An alternative way of understanding this moment draws on what some scholars have described as a return to “neo-royalism”. Rather than a bureaucratic, rules-based order, today’s international politics increasingly resemble the early modern world, where there are a small number of powerful figures determining trade, security, and alignment through personal relationships. In a system like this, flattery, gifts, symbolic gestures, and flexible agreements mean a lot more than institutional compliance. This is not a foreign concept for the South Caucasian nations. Armenians, Georgians, and Azerbaijanis have centuries of experience navigating imperial politics by managing multiple patrons simultaneously. Georgia has already engaged in some of these practices. The significant troop contributions to Iraq and Afghanistan, among the largest per capita in the coalition, were not purely altruistic. They were a form of strategic signaling, a modern version of court politics. Seen through this lens, Georgian behavior is not evidence of confusion or failure, but of adaptation. 
 

The problem is that old metaphors prevent the world from recognizing this adaptation as agency. When Georgia is framed primarily as a space “between”, it is implicitly denied its own political logic.

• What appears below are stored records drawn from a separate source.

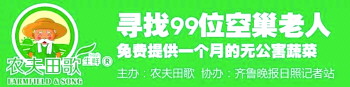 农夫田歌联合齐鲁晚报日照记者站发起“寻找99位空巢老人”公益活动,将在日照全城寻找99位空巢老人,免费提供一个月的无公害蔬菜。希望尽我们的努力,让老人在这个节日得到更多的关爱!让我们一起,共同关注“空巢老人”!
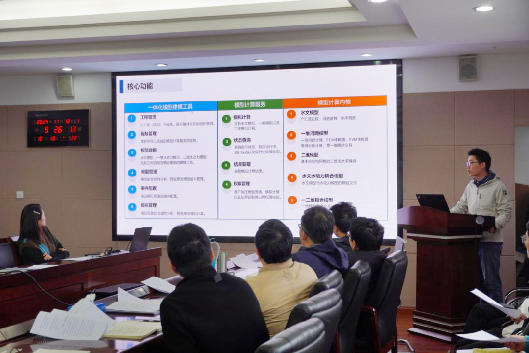 隨后,平臺(tái)研發(fā)團(tuán)隊(duì)代表陳龍贊對(duì)“澤圖水文水動(dòng)力一體化模型平臺(tái)”進(jìn)行詳細(xì)介紹,并進(jìn)行現(xiàn)場(chǎng)實(shí)操演示。該平臺(tái)是一套我院自主研發(fā)的以組件化建模、并行化求解、在線化計(jì)算、一體化耦合、國(guó)產(chǎn)化支持為核心的水文水動(dòng)力模型平臺(tái),能夠滿足包括產(chǎn)匯流計(jì)算、水庫(kù)調(diào)度、一維河網(wǎng)、二維淹沒(méi)、水文水動(dòng)力耦合、一二維水動(dòng)力耦合在內(nèi)的多種模擬需求,適用于獨(dú)立部署、嵌入第三方項(xiàng)目等多種應(yīng)用場(chǎng)景?;诮9ぞ?、模型服務(wù)、計(jì)算核心三分離的設(shè)計(jì)架構(gòu),平臺(tái)具備分布式部署、集群化管理、多節(jié)點(diǎn)負(fù)載均衡的動(dòng)態(tài)能力,滿足靈活適用多種尺度的計(jì)算需要。
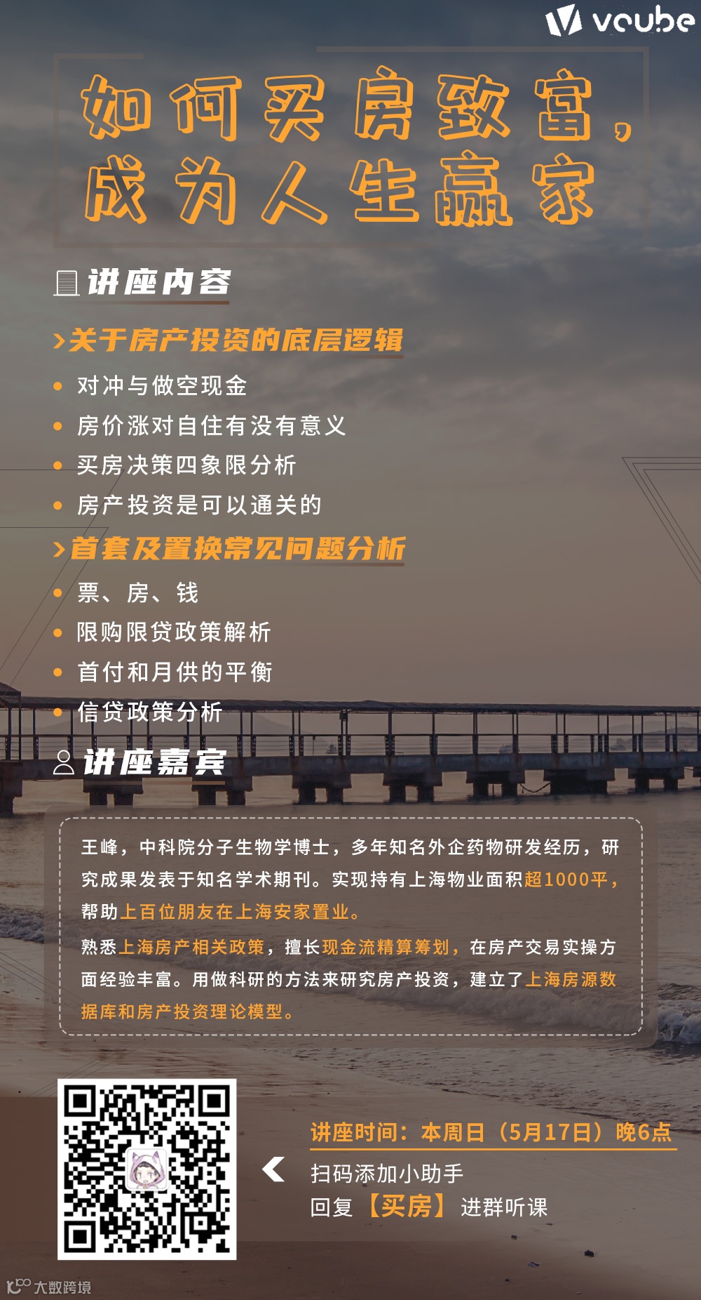 在本周日(5月17日)晚6点,带来的《如何买房致富,成为人生赢家》主题讲座
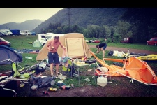Tja, wir mussten zu viert (!) unser Gemeinschaftsdach fest halten, während der Pavillon unserer Nachbarn zweimal auf uns drauf fällt. Im Hintergrund fliegen ganze Zelte vorbei. Meine Unterhose ist nass. Scheiß Berge! Nur Schrott-Wetter, entweder viel zu knalle heiß oder Sturm. Ich will zurück ans Meer!

Its actions appear reactive rather than strategic, and deliberate. For policymakers, this leads to miscalculation. If the “crossroads” metaphor has outlived its usefulness, the question becomes what it should be replaced by. Rather than asking where Georgia is headed, a better question might be how Georgia governs itself in a world without destinations. These questions portray Georgia as an actor on the world stage, not just a “bridge”. For decades, Georgia’s future was assumed rather than debated. The EU and NATO were treated as destiny. However, destinies are rarely good for democratic politics. In a world where the old ways are no longer applicable, Georgians themselves may finally have the space to argue openly about what kind of state they want to be, and how they intend to survive.